Neuroglian, Gliotactin, and the Na+/K+ ATPase are essential for septate junction function in Drosophila

Affiliations

Neuroglian, Gliotactin, and the Na+/K+ ATPase are essential for septate junction function in Drosophila

Jennifer L Genova et al. J Cell Biol. .

Abstract

One essential function of epithelia is to form a barrier between the apical and basolateral surfaces of the epithelium. In vertebrate epithelia, the tight junction is the primary barrier to paracellular flow across epithelia, whereas in invertebrate epithelia, the septate junction (SJ) provides this function. In this study, we identify new proteins that are required for a functional paracellular barrier in Drosophila. In addition to the previously known components Coracle (COR) and Neurexin (NRX), we show that four other proteins, Gliotactin, Neuroglian (NRG), and both the alpha and beta subunits of the Na+/K+ ATPase, are required for formation of the paracellular barrier. In contrast to previous reports, we demonstrate that the Na pump is not localized basolaterally in epithelial cells, but instead is concentrated at the SJ. Data from immunoprecipitation and somatic mosaic studies suggest that COR, NRX, NRG, and the Na+/K+ ATPase form an interdependent complex.

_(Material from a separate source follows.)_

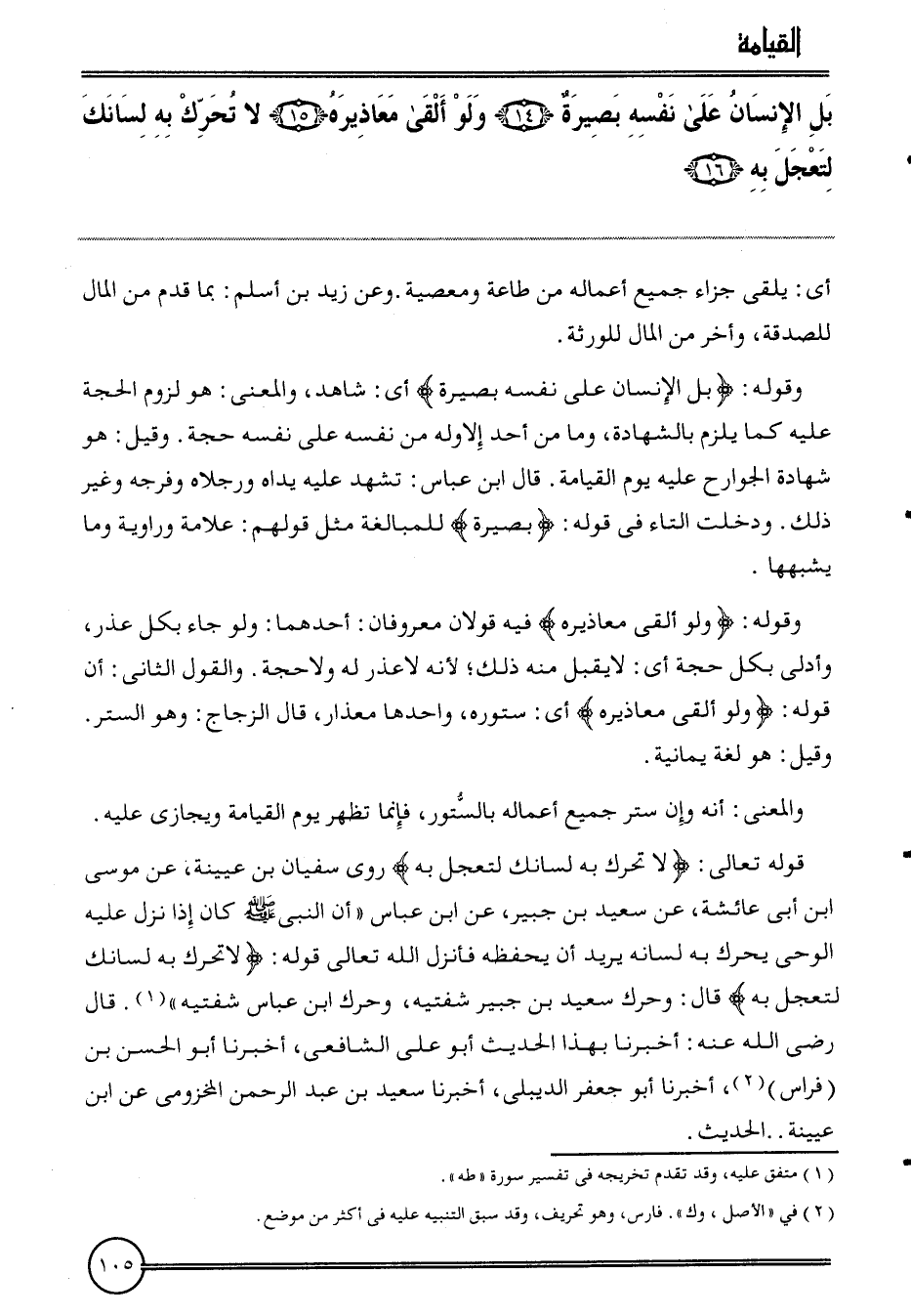 {بل الْإِنْسَان على نَفسه بَصِيرَة (14) وَلَو ألْقى معاذيره (15) لَا تحرّك بِهِ لسَانك لتعجل بِهِ (16) . أَي: يلقى جَزَاء جَمِيع أَعماله من طَاعَة ومعصية.

Furthermore, the observation that NRG, a Drosophila homologue of vertebrate neurofascin, is an SJ component is consistent with the notion that the invertebrate SJ is homologous to the vertebrate paranodal SJ. These findings have implications not only for invertebrate epithelia and barrier functions, but also for understanding of neuron-glial interactions in the mammalian nervous system.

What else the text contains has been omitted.